**EXERCISE REQUIREMENTS**:
Which lines of the material contain the word "inspired"? Show each one.

╭─ SUPPLIED ENTRIES

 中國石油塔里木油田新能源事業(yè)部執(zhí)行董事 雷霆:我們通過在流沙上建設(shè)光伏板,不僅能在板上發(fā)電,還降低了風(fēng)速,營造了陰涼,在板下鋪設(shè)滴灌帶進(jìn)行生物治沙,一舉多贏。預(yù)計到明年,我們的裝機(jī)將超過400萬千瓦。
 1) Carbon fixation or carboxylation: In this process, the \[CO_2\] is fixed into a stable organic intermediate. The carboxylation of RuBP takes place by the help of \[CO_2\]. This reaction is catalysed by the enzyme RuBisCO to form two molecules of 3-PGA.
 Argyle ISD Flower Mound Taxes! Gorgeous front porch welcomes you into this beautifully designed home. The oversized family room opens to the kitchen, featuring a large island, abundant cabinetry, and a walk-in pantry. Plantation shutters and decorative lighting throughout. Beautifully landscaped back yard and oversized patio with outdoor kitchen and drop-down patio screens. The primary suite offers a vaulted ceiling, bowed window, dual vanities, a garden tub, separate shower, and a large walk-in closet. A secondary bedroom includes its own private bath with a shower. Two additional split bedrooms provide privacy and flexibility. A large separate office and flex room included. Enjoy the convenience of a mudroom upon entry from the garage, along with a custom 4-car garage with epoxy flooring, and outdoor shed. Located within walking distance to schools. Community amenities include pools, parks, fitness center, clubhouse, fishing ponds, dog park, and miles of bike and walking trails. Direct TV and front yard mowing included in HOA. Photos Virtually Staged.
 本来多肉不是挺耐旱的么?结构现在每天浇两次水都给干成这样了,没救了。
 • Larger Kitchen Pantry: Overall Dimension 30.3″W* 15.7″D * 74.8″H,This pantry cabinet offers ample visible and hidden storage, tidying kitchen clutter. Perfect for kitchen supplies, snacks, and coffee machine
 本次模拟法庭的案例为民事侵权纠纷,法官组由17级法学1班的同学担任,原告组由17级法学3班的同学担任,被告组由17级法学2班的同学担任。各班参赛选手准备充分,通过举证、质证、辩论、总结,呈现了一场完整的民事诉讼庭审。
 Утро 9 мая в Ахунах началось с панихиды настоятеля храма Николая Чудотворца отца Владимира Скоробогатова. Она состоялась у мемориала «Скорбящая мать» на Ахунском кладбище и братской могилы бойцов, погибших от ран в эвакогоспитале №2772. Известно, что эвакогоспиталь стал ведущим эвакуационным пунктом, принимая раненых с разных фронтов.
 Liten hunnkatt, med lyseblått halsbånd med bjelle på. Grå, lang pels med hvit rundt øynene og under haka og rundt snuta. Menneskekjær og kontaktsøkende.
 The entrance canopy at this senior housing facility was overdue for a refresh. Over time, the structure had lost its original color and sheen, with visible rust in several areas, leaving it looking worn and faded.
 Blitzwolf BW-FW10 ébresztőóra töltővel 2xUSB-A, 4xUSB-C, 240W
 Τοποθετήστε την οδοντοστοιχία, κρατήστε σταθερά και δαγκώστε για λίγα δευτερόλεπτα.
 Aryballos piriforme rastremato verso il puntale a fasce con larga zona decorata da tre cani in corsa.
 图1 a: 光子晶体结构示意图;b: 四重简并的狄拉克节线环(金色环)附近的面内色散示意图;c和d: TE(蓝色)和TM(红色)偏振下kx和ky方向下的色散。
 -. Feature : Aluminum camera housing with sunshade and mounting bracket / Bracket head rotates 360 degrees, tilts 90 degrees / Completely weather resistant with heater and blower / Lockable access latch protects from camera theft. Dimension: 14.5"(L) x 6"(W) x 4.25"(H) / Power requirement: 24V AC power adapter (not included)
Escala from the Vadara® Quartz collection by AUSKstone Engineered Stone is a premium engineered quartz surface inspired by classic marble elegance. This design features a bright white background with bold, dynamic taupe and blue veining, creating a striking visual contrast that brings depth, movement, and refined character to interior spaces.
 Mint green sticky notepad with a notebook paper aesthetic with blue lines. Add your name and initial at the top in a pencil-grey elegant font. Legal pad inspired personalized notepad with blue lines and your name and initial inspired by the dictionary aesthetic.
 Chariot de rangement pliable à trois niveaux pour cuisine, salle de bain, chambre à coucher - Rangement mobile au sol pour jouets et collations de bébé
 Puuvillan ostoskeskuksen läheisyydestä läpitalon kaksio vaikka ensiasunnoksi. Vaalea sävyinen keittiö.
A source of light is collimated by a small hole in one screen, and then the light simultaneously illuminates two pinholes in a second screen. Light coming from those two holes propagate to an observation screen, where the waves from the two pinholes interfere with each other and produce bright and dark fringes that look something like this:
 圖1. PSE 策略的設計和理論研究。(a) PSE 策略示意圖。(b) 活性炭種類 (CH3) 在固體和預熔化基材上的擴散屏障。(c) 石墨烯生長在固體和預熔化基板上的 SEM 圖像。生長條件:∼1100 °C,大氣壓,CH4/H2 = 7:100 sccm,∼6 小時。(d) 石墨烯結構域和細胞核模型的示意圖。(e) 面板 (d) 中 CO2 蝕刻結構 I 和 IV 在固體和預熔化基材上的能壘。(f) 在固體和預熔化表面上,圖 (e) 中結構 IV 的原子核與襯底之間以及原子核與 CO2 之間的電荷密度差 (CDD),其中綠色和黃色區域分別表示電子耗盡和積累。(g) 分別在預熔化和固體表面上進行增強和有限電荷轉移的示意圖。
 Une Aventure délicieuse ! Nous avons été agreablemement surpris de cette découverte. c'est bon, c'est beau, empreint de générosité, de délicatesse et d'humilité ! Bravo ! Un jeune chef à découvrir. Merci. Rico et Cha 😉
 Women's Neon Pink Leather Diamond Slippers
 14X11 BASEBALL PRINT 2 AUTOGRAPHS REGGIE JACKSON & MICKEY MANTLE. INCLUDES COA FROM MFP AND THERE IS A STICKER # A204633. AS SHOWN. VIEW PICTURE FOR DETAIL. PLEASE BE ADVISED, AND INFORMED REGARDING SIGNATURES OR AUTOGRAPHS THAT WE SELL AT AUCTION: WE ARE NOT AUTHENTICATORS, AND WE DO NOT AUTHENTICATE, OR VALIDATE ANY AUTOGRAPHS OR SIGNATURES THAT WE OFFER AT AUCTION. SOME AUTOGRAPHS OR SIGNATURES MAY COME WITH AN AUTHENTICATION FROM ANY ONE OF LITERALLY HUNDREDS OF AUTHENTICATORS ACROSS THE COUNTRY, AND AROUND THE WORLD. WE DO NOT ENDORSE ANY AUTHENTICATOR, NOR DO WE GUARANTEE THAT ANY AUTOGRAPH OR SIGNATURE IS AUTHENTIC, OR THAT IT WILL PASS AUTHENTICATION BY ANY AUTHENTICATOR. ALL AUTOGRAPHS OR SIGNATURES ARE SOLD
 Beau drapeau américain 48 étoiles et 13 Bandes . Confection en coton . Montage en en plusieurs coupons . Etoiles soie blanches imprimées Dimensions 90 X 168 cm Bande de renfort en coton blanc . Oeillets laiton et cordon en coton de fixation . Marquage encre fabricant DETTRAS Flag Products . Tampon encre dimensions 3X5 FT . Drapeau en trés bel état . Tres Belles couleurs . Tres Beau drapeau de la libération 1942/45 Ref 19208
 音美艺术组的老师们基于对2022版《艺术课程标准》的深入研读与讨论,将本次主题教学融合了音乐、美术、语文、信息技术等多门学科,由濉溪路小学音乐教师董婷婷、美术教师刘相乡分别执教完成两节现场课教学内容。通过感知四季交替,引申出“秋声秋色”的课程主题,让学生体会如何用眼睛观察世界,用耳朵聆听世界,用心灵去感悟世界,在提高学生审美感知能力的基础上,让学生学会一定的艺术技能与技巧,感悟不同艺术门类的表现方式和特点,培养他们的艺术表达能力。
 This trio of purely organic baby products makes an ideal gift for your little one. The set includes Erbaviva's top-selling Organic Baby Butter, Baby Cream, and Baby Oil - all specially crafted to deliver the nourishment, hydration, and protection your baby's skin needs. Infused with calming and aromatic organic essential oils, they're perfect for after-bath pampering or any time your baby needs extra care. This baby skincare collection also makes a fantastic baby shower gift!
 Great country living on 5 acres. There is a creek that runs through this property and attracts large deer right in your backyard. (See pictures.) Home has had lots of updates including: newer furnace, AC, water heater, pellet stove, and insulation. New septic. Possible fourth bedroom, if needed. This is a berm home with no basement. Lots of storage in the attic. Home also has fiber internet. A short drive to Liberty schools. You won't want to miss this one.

╰─

**TASK OUTPUT**:
Escala from the Vadara® Quartz collection by AUSKstone Engineered Stone is a premium engineered quartz surface inspired by classic marble elegance. This design features a bright white background with bold, dynamic taupe and blue veining, creating a striking visual contrast that brings depth, movement, and refined character to interior spaces.
 Mint green sticky notepad with a notebook paper aesthetic with blue lines. Add your name and initial at the top in a pencil-grey elegant font. Legal pad inspired personalized notepad with blue lines and your name and initial inspired by the dictionary aesthetic.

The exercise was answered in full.